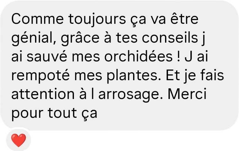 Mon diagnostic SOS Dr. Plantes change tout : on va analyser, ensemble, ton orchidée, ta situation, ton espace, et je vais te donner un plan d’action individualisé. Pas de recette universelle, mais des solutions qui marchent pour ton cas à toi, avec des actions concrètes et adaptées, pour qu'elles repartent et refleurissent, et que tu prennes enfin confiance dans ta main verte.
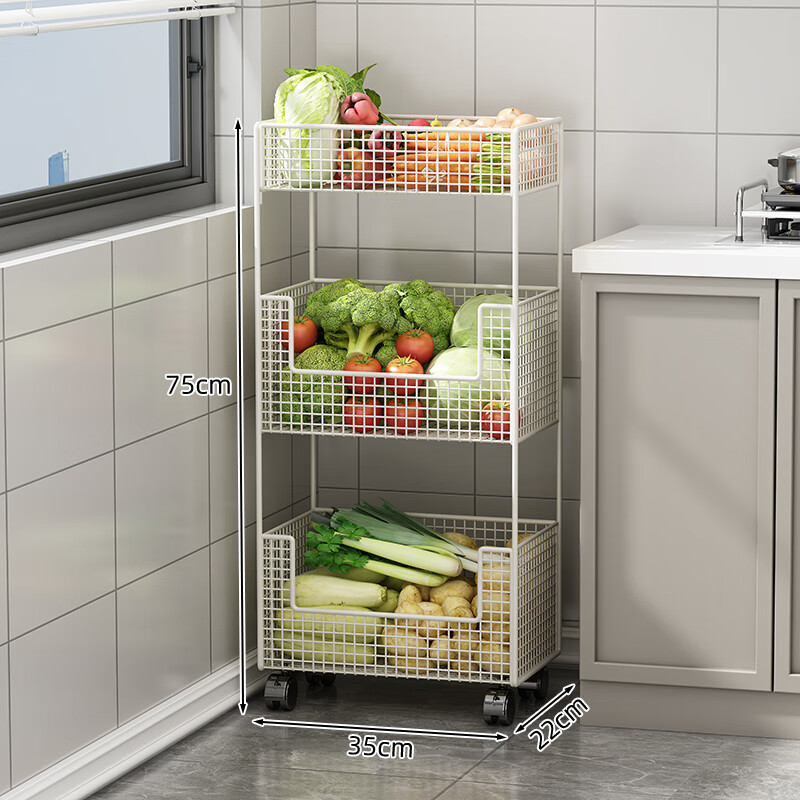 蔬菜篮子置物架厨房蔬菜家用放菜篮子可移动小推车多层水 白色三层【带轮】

* * *

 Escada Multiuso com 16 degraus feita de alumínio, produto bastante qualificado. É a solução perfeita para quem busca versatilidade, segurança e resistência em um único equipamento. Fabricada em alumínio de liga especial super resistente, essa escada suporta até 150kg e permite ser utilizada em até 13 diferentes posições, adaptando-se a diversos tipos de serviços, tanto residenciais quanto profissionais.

---

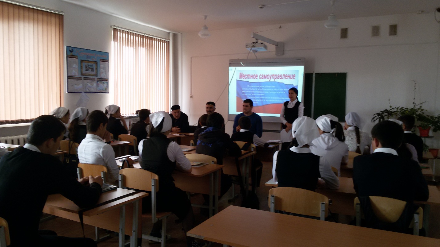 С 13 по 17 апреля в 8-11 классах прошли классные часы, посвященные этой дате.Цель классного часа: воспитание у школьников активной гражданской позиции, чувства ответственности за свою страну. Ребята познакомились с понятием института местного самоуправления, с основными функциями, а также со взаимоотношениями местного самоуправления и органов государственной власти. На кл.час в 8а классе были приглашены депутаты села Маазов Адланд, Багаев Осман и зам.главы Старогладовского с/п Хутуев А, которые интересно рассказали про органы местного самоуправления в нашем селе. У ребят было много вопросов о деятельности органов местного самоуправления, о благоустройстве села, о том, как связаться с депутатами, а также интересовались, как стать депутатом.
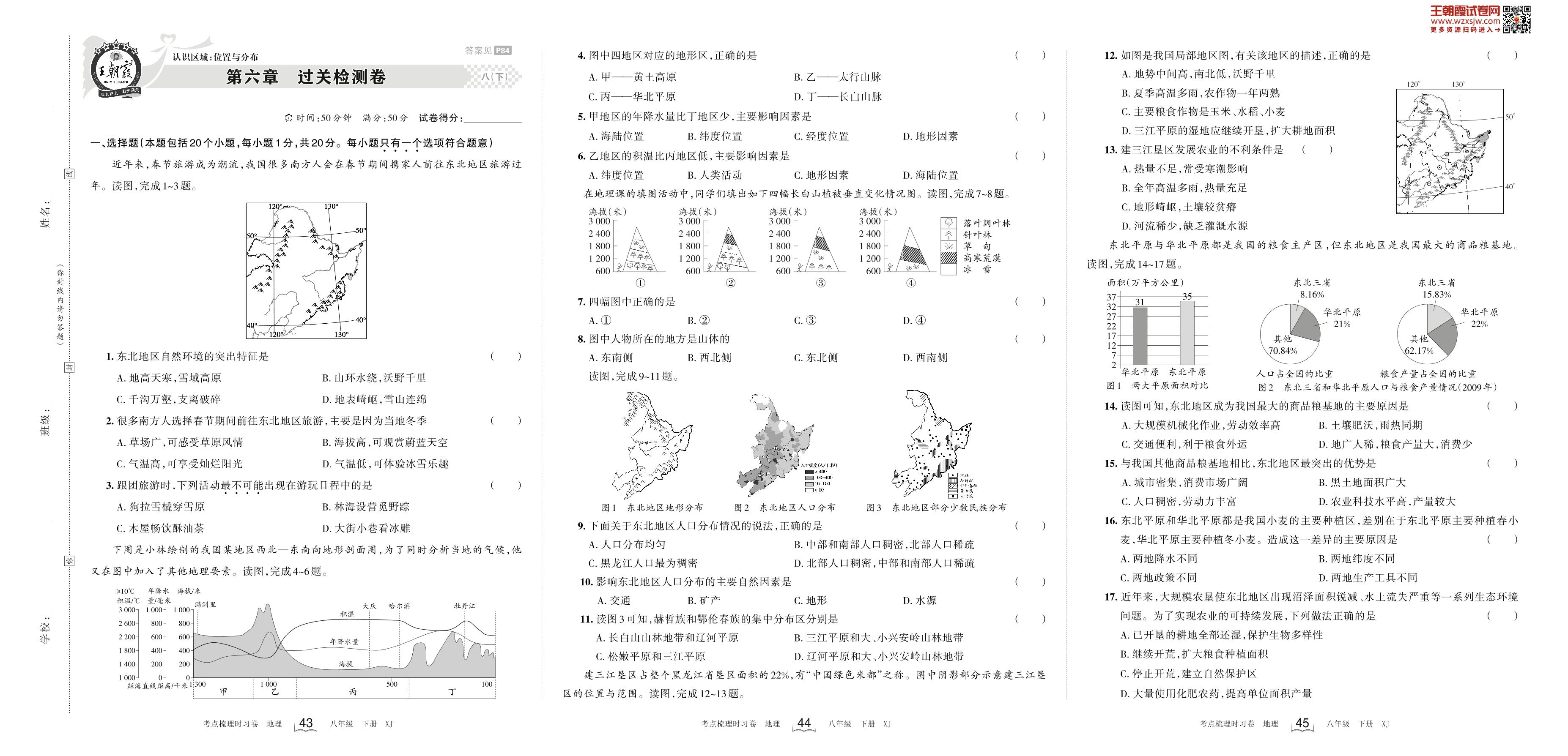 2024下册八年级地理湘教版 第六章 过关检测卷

*Work to complete*. What should come back is an exact copy of the lines above from the line with "Mon diagnostic SOS" to the line with "蔬菜篮子置物架厨房蔬菜家用放菜篮子可移动小推车多层水 白色三层【带轮】", both included, minus the pictures.

*Exercise answer*.
 Mon diagnostic SOS Dr. Plantes change tout : on va analyser, ensemble, ton orchidée, ta situation, ton espace, et je vais te donner un plan d’action individualisé. Pas de recette universelle, mais des solutions qui marchent pour ton cas à toi, avec des actions concrètes et adaptées, pour qu'elles repartent et refleurissent, et que tu prennes enfin confiance dans ta main verte.
 蔬菜篮子置物架厨房蔬菜家用放菜篮子可移动小推车多层水 白色三层【带轮】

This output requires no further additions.